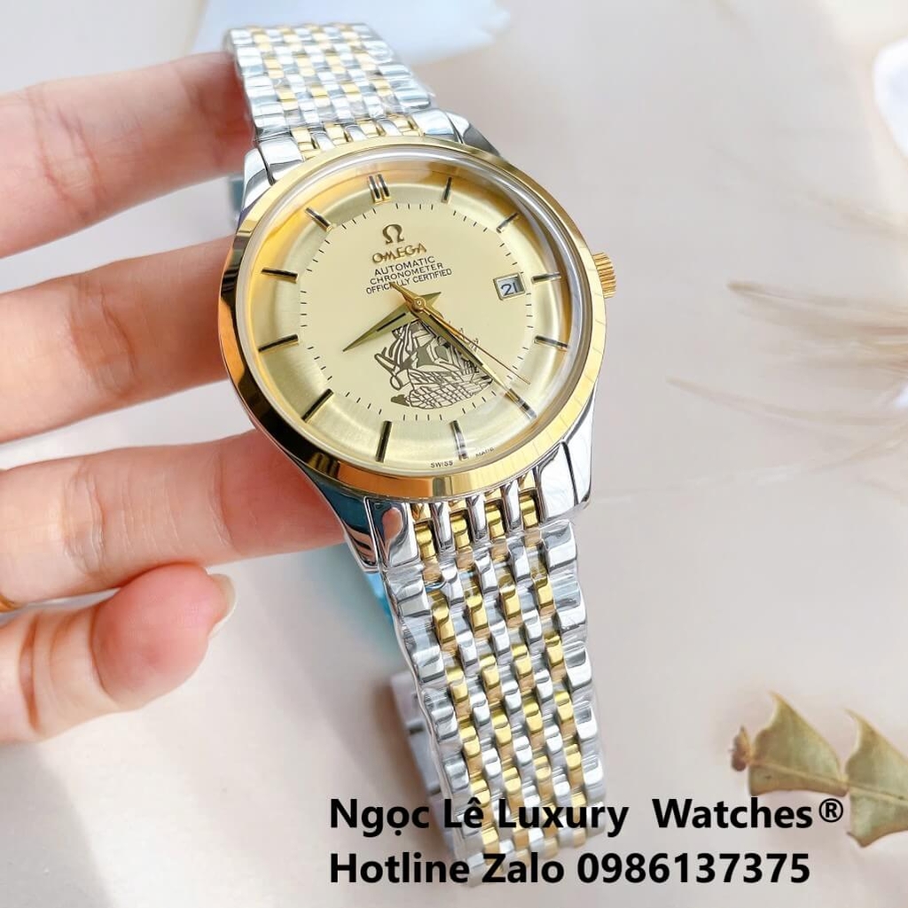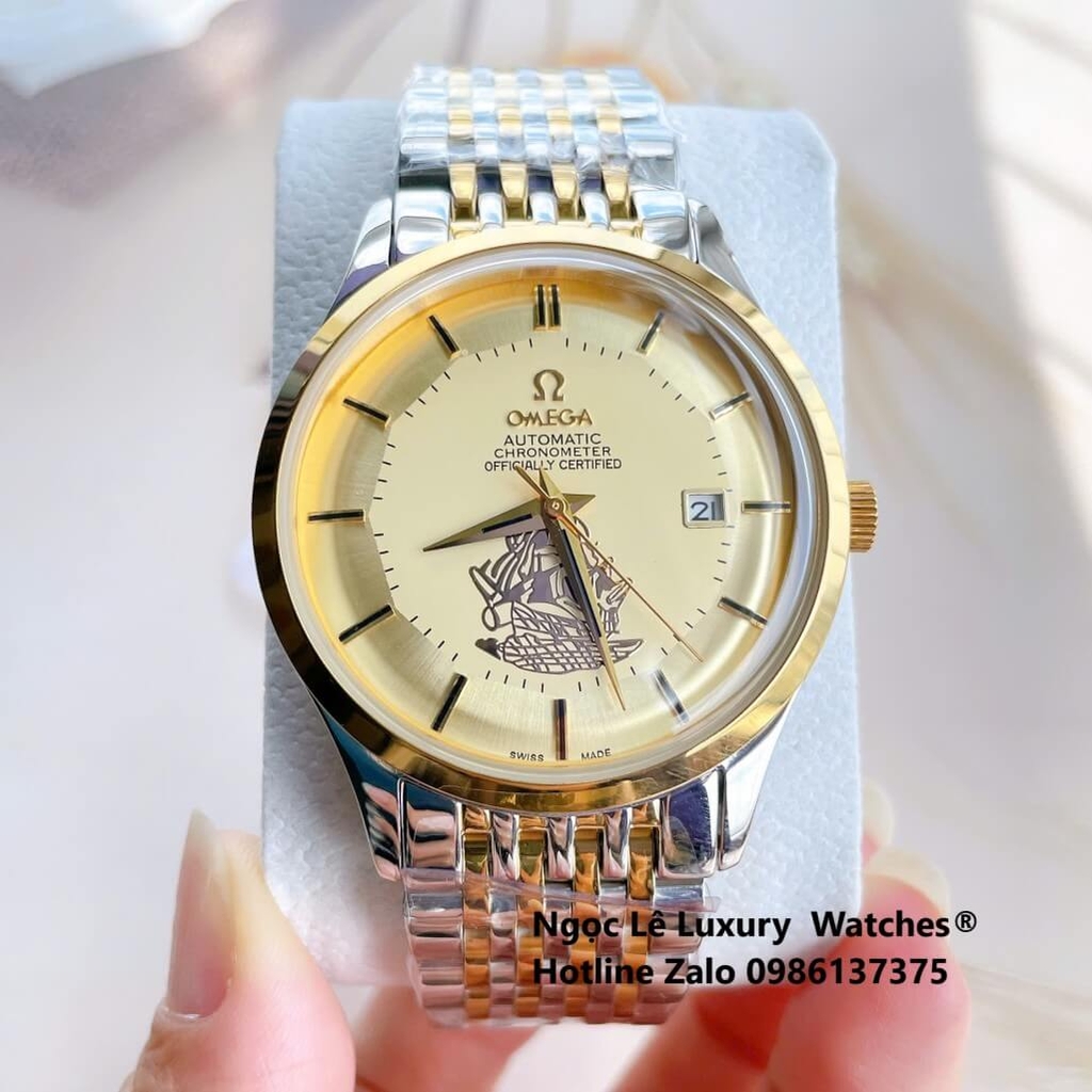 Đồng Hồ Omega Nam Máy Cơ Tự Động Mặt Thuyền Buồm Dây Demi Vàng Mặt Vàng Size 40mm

============

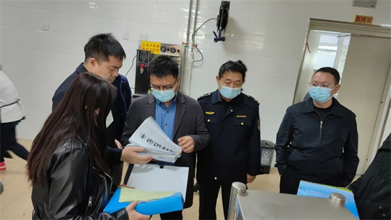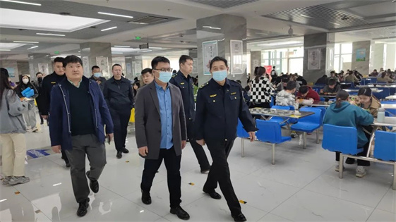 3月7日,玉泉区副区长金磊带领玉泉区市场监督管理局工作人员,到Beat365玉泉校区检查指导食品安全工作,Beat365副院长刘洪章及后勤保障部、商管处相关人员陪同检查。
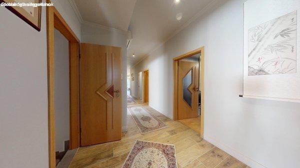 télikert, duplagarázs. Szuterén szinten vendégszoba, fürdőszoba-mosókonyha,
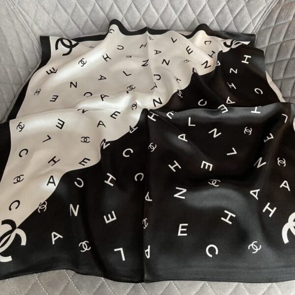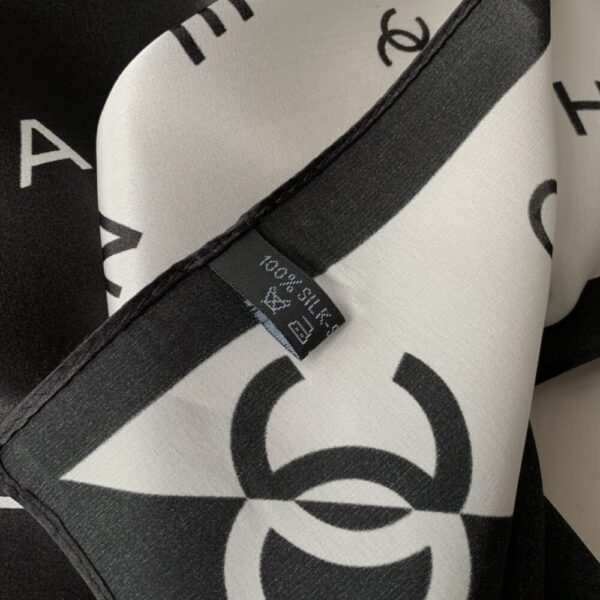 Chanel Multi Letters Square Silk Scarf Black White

============

## [YOUR ASSIGNMENT]
Pictures in the entries do not go into the copy. Print only the lines starting at the one containing "3月7日,玉泉区副区长金磊带" and ending at the one containing "Chanel Multi Letters", exactly as they appear.

## [TASK SOLUTION]
 3月7日,玉泉区副区长金磊带领玉泉区市场监督管理局工作人员,到Beat365玉泉校区检查指导食品安全工作,Beat365副院长刘洪章及后勤保障部、商管处相关人员陪同检查。
 télikert, duplagarázs. Szuterén szinten vendégszoba, fürdőszoba-mosókonyha,
 Chanel Multi Letters Square Silk Scarf Black White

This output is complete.